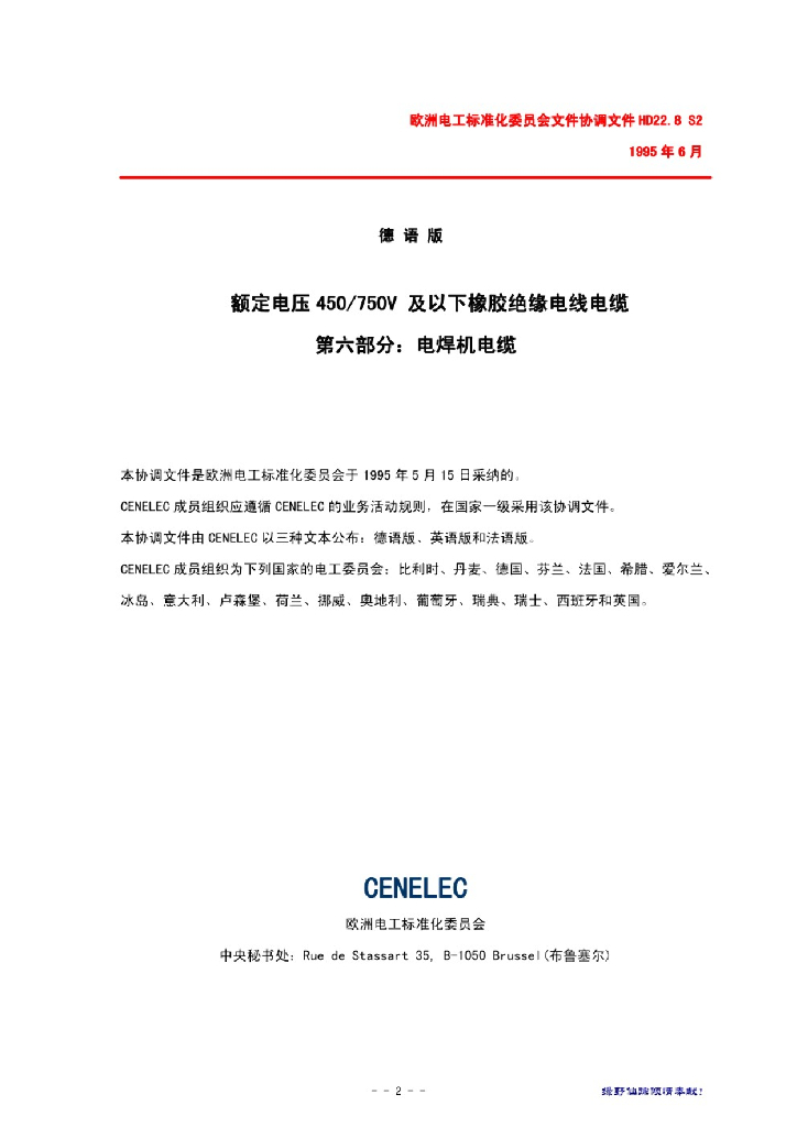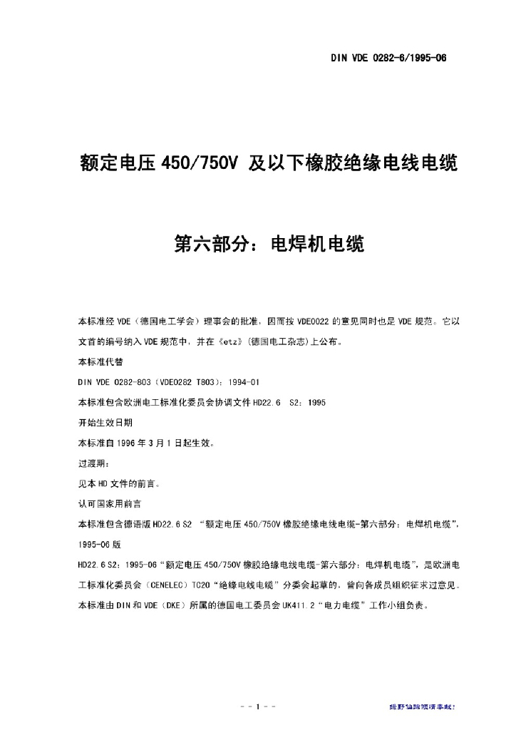 DIN VDE 0282-6 额定电压450/750V 及以下橡胶绝缘电线电缆第六部分:电焊机电缆
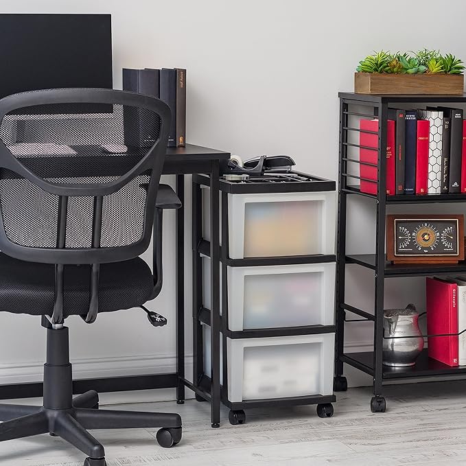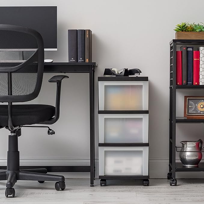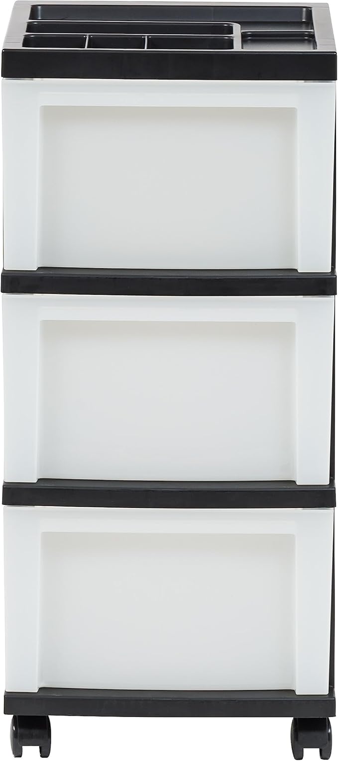IRIS USA Plastic Drawer Storage Organizer Rolling Cart, with Wheels Casters, 3-Drawers, for Classroom Art Craft Supplies Dresser Closet Bathroom Dorm Bedroom Laundry Room, Black/ Pearl
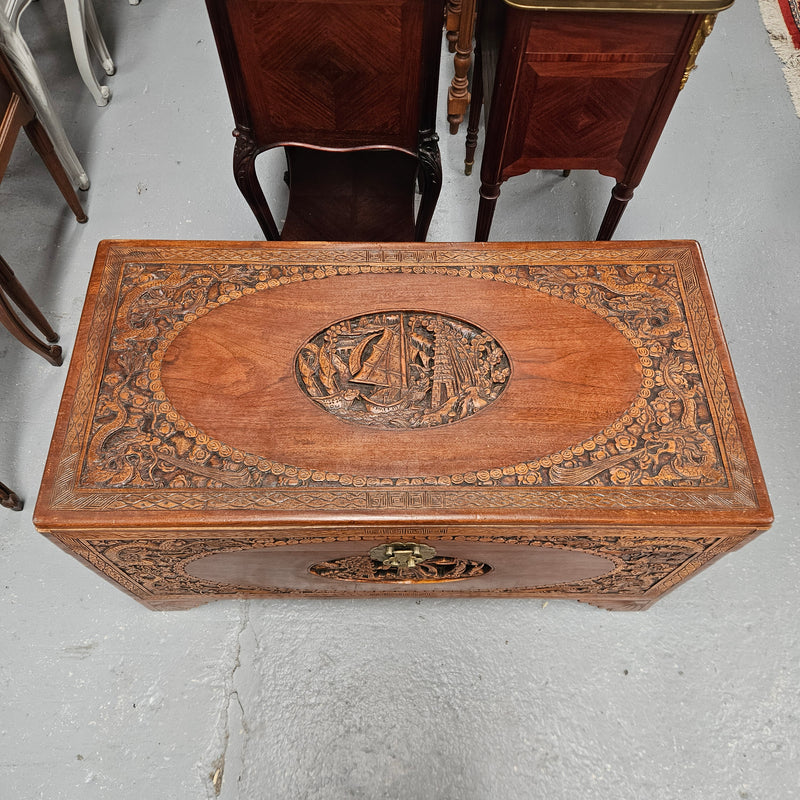 Impressive carved Chinese camphor wood chest with boat carvings on the top and front. It is Circa 1930's. It is in excellent original condition. Please see photos as they form part of the description.

-------

» **Directions**: Copy each line of the material above exactly, but not the images.

» **Result for this task**:
 DIN VDE 0282-6 额定电压450/750V 及以下橡胶绝缘电线电缆第六部分:电焊机电缆
IRIS USA Plastic Drawer Storage Organizer Rolling Cart, with Wheels Casters, 3-Drawers, for Classroom Art Craft Supplies Dresser Closet Bathroom Dorm Bedroom Laundry Room, Black/ Pearl
 Impressive carved Chinese camphor wood chest with boat carvings on the top and front. It is Circa 1930's. It is in excellent original condition. Please see photos as they form part of the description.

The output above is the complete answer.